JİTEM'İN ÜZERİNE GİDİLMELİ
Elkatmış, Ergenekon soruşturmasıyla kendilerine 'derin devlet' süsü vererek ülkeyi kaosa götürmeyi amaçlayan bir yapılanmanın ortaya çıktığını belirtti. Bu yapılanmanın en önemli ayaklarından birinin JİTEM olduğunu söyleyen Elkatmış, Ergenekon soruşturmasında ortaya çıkan JİTEM yapılanmasıyla ilgili bilgilere dikkat çekerek şöyle konuştu: “Bu yapılanmayla ilgili emekli Tuğgeneral Veli Küçük, öldürülen emekli Binbaşı Cem Ersever ve emekli Albay Arif Doğan'ın ismi geçiyor. Bunların elindeki silahlar ve yaptığı eylemler gündeme geliyor. Burada şuna dikkat edilmesi lazım: Böyle bir yapılanma varsa sadece bu üç kişi mi eylem yapmış. Bu 3-5 kişinin işi değil. Derinleştirilmesi lazım. Derinleştirildikçe daha çok kişiye ulaşılacağı kesindir.”

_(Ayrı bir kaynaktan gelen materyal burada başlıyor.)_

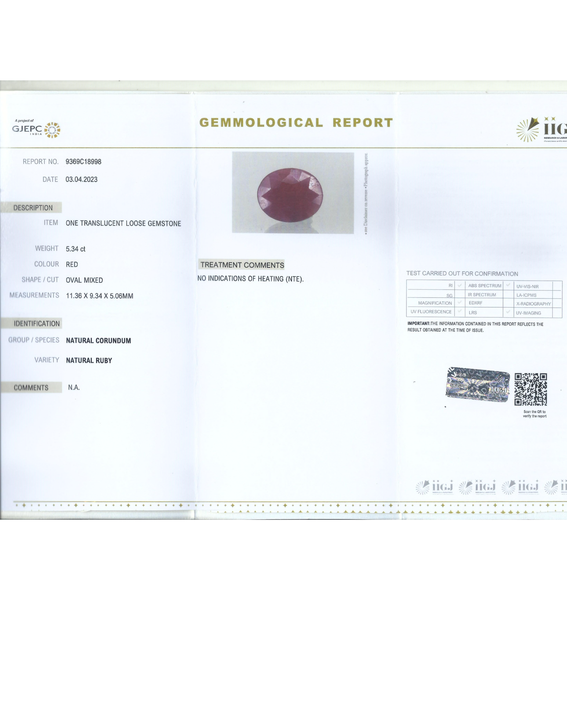 IIGJ Certified 5.34 Ct - 5.93 Ratti Unheated Untreated Natural Ruby Manik
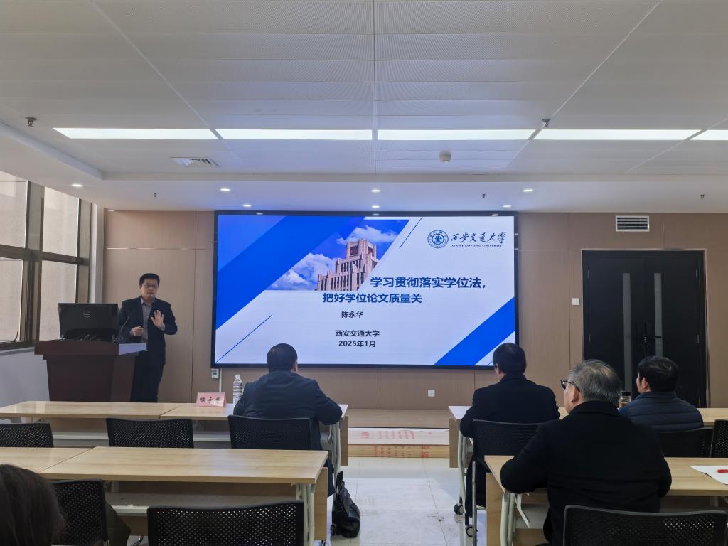 陈永华主任以“学习贯彻落实学位法,把好学位论文质量关”为题作报告。他详细解读了《学位法》《乐动网页版学位授予工作办法》《乐动网页版关于进一步加强研究生学位论文质量保障的若干意见》等学位管理文件,通报了学校学位授予、学位质量保障、学术不端处理以及导师管理规定等情况,并就导师牢把学位论文质量关、实现论文抽检“零问题”分享了自己的思考和建议。
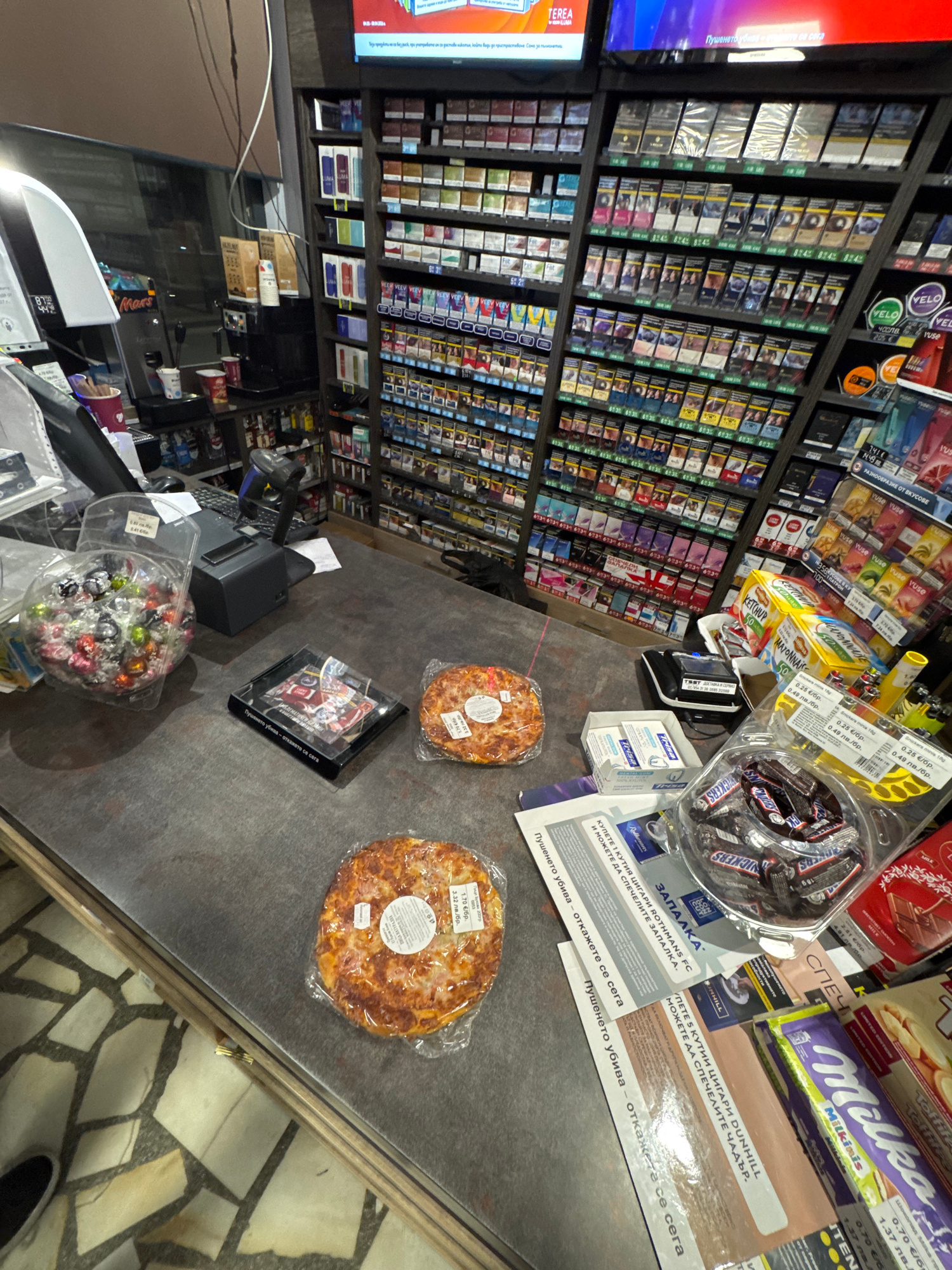 The image depicts a store counter in what appears to be a convenience store or small supermarket, possibly located in Smolyan, Bulgaria given the Bulgarian text visible on various product packaging an…read more

EMNİYET VE SİYASET AYAĞI EKSİK KALDI
Elkatmış, Ergenekon soruşturmasında illegal yapılanmanın bir çok bağlantısının ortaya çıkarılmadığını ifade ederek, “Bu yapılanmanın ortaya çıkmayan medya, siyaset, asker, emniyet ve dış bağlantıları var” dedi. Ergenekon yapılanmasında kimin elinin kimin cebinde olduğunun anlaşılamadığına dikkat çeken Mehmet Elkatmış, “Bakıyorsun yapılanma içinde yok yok. Bir yanda Milli Görüş'ten biri, diğer yandan İşçi Partili, bir yanda ulusalcı, bir yanda Haham ortak hareket etmişler. Bu oynanan oyunun büyüklüğünü gösteriyor” şeklinde konuştu.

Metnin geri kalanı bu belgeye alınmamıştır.